## EXERCISE BRIEF
Except for the pictures, write out all the records that follow exactly.

## DATA TO EXAMINE
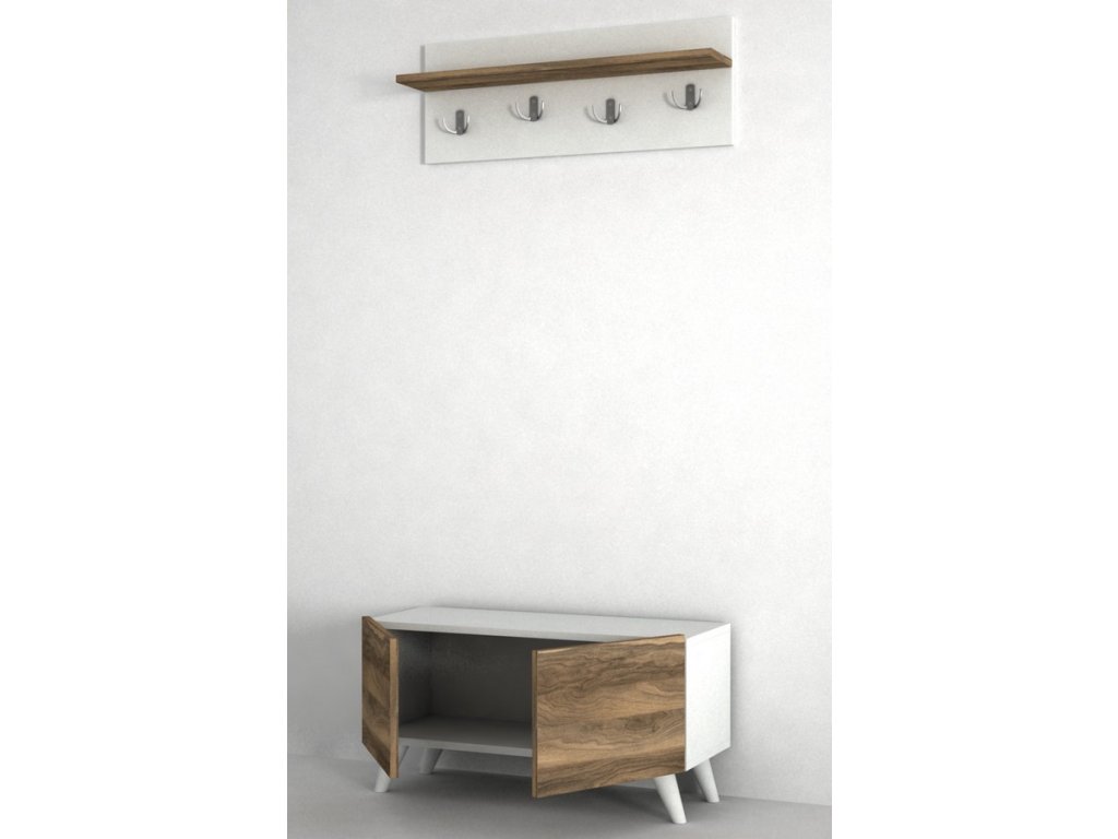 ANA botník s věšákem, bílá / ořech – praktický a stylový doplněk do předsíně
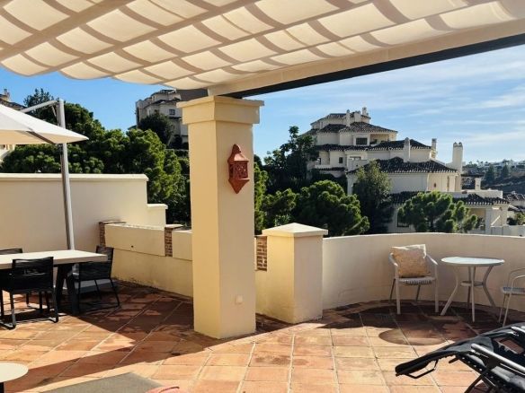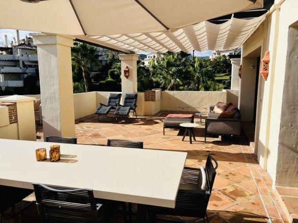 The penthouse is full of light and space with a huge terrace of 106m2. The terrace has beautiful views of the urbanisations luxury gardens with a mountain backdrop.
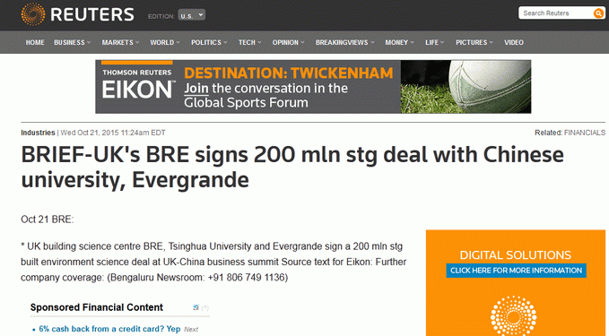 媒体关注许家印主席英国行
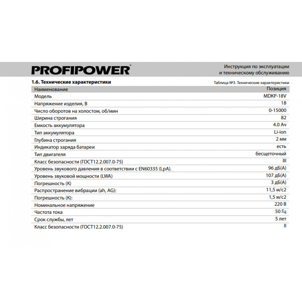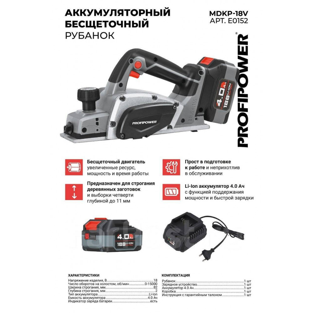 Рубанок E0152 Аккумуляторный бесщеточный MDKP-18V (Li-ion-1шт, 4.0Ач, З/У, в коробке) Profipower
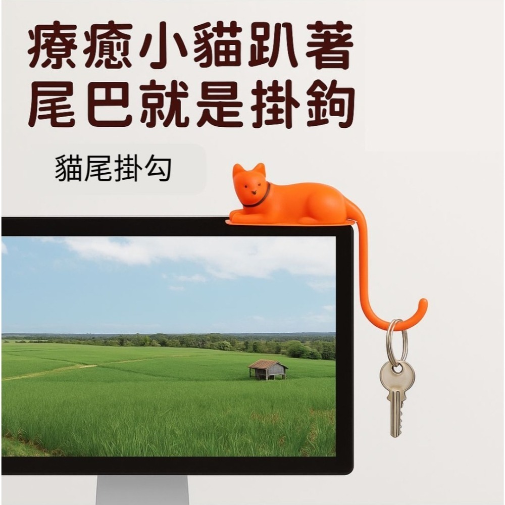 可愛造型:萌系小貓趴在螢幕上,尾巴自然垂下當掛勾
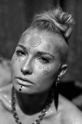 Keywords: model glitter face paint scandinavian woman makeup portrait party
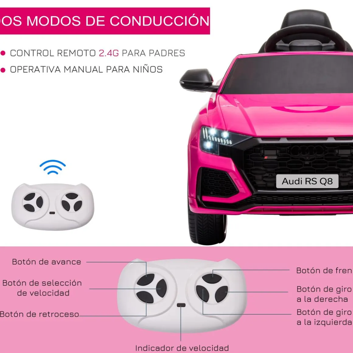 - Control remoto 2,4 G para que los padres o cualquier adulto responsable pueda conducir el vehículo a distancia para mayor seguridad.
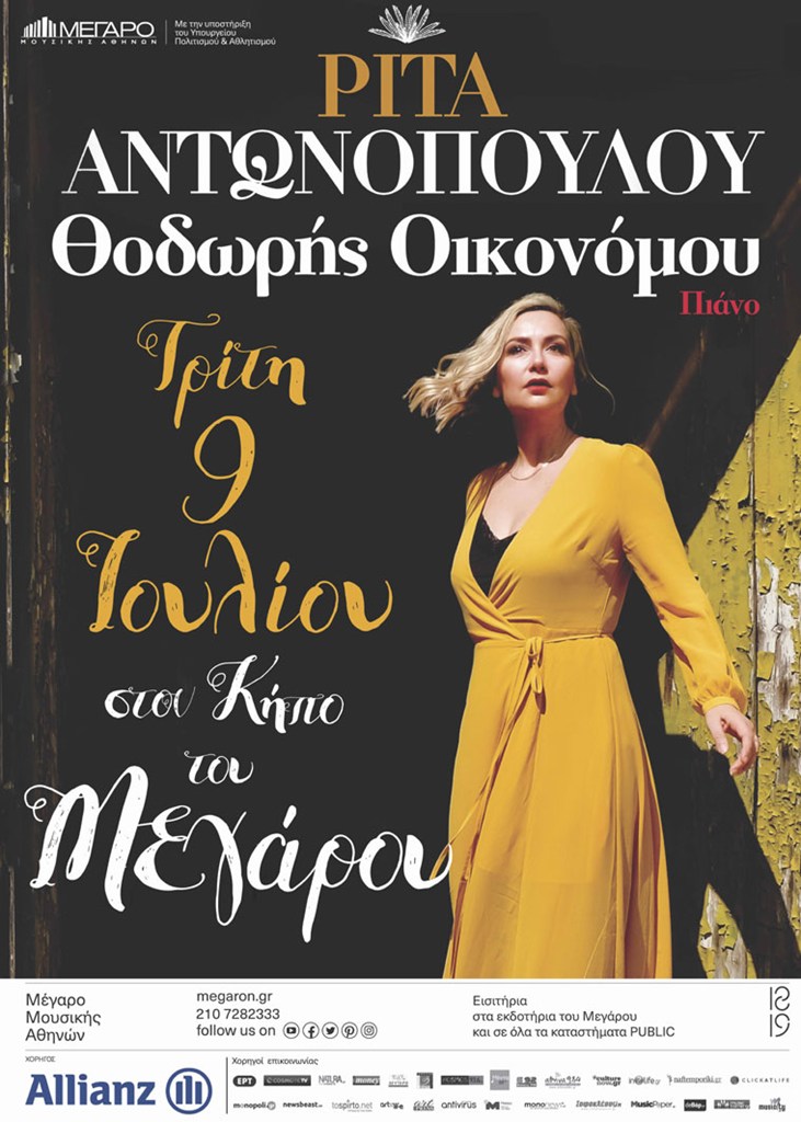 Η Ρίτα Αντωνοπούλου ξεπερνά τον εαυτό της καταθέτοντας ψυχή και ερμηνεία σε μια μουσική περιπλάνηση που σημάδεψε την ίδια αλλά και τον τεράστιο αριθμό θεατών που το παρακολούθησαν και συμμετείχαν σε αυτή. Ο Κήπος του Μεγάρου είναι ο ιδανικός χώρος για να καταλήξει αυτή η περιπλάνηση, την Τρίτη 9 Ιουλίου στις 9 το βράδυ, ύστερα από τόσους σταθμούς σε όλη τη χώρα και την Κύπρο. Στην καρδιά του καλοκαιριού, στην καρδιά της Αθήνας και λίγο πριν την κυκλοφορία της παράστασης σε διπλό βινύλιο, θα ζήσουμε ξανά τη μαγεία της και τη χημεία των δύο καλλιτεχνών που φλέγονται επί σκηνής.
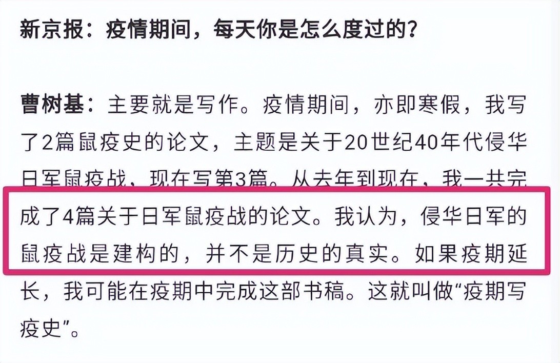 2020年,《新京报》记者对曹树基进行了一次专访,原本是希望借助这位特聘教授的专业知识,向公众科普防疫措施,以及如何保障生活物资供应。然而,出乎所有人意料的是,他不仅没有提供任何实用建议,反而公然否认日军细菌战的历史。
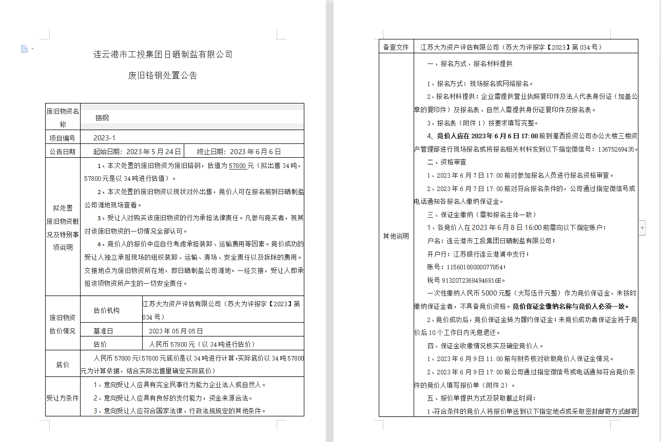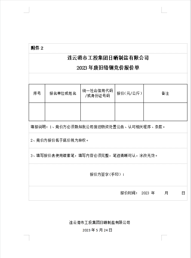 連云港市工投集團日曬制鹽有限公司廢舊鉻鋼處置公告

## OUTPUT
 ANA botník s věšákem, bílá / ořech – praktický a stylový doplněk do předsíně
 The penthouse is full of light and space with a huge terrace of 106m2. The terrace has beautiful views of the urbanisations luxury gardens with a mountain backdrop.
 媒体关注许家印主席英国行
 Рубанок E0152 Аккумуляторный бесщеточный MDKP-18V (Li-ion-1шт, 4.0Ач, З/У, в коробке) Profipower
 可愛造型:萌系小貓趴在螢幕上,尾巴自然垂下當掛勾
 Keywords: model glitter face paint scandinavian woman makeup portrait party
 - Control remoto 2,4 G para que los padres o cualquier adulto responsable pueda conducir el vehículo a distancia para mayor seguridad.
 Η Ρίτα Αντωνοπούλου ξεπερνά τον εαυτό της καταθέτοντας ψυχή και ερμηνεία σε μια μουσική περιπλάνηση που σημάδεψε την ίδια αλλά και τον τεράστιο αριθμό θεατών που το παρακολούθησαν και συμμετείχαν σε αυτή. Ο Κήπος του Μεγάρου είναι ο ιδανικός χώρος για να καταλήξει αυτή η περιπλάνηση, την Τρίτη 9 Ιουλίου στις 9 το βράδυ, ύστερα από τόσους σταθμούς σε όλη τη χώρα και την Κύπρο. Στην καρδιά του καλοκαιριού, στην καρδιά της Αθήνας και λίγο πριν την κυκλοφορία της παράστασης σε διπλό βινύλιο, θα ζήσουμε ξανά τη μαγεία της και τη χημεία των δύο καλλιτεχνών που φλέγονται επί σκηνής.
 2020年,《新京报》记者对曹树基进行了一次专访,原本是希望借助这位特聘教授的专业知识,向公众科普防疫措施,以及如何保障生活物资供应。然而,出乎所有人意料的是,他不仅没有提供任何实用建议,反而公然否认日军细菌战的历史。
 連云港市工投集團日曬制鹽有限公司廢舊鉻鋼處置公告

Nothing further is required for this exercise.